$SA=AT$, where $S$ and $T$ have no eigenvalues in common. Prove by induction that $(T-\lambda I)^kv=0$ implies that $Av=0$.
Here is what I have so far:
$k=1$: $$ (T-\lambda I)v=0 $$$$ Tv=\lambda v $$$$ SAv=ATv=\lambda Av $$$$ SAv=\lambda Av $$ $Av$ must equal $0$ because $S$ and $T$ share no eigenvectors.

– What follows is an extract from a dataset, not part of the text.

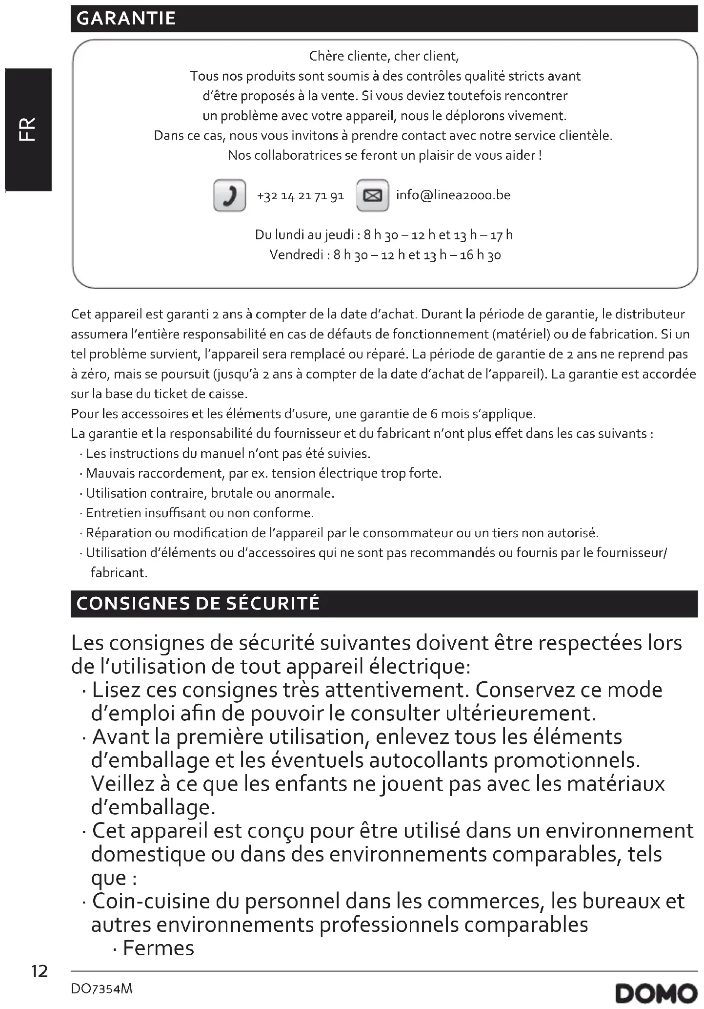 GARANTIE Chère cliente, cher client, Tous nos produits sont soumis à des contrôles qualité stricts avant d’être proposés à la vente. Si vous deviez toutefois rencontrer un problème avec votre appareil, nous le déplorons vivement. Dans ce cas, nous vous invitons à prendre contact avec notre service clientèle. Nos collaboratrices se feront un plaisir de vous aider ! +32 14 21 71 91 info@linea2000.be Du lundi au jeudi : 8 h 30 – 12 h et 13 h – 17 h Vendredi : 8 h 30 – 12 h et 13 h – 16 h 30 Cet appareil est garanti 2 ans à compter de la date d’achat. Durant la période de garantie, le distributeur assumera l’entière responsabilité en cas de défauts de fonctionnement (matériel) ou de fabrication. Si un tel problème survient, l’appareil sera remplacé ou réparé. La période de garantie de 2 ans ne reprend pas à zéro, mais se poursuit (jusqu’à 2 ans à compter de la date d’achat de l’appareil). La garantie est accordée sur la base du ticket de caisse. Pour les accessoires et les éléments d’usure, une garantie de 6 mois s’applique. La garantie et la responsabilité du fournisseur et du fabricant n’ont plus eet dans les cas suivants :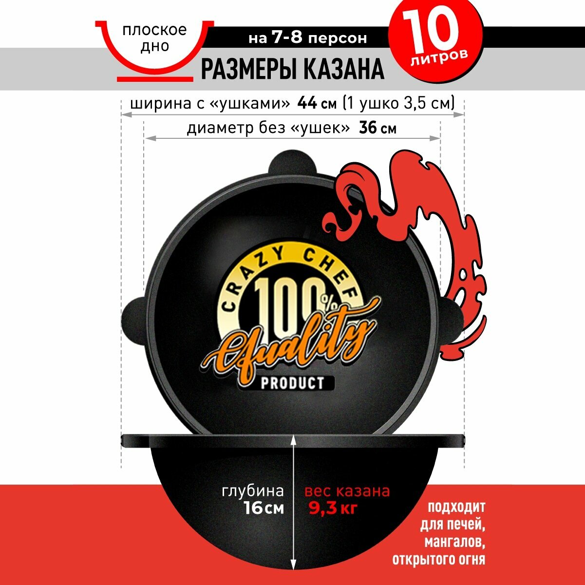 Узбекский казан чугунный Наманганский 10 л плоское дно, черный + специи и книга рецептов в подарок информация:

$k=n$: $$ (T-\lambda I)^nv=0 \textrm{ implies } Av=0 $$
$k=n+1$: now what?
Split the $k=n+1$ case into: $$ 0 = (T-\lambda I)^{n+1} v = (T - \lambda I)^n (T - \lambda I) v := (T - \lambda I)^n w $$ where $w = (T- \lambda I)v$. Now use the inductive step to conclude that $Aw = 0$.
This implies that $$ A(T - \lambda I)v = 0 \\ ATv = \lambda A v \\ S(Av) = \lambda (Av) $$ Hence $\lambda$ is an eigenvalue of $S$. But we know that $\lambda$ is an eigenvalue of $T$, and so $Av = 0$.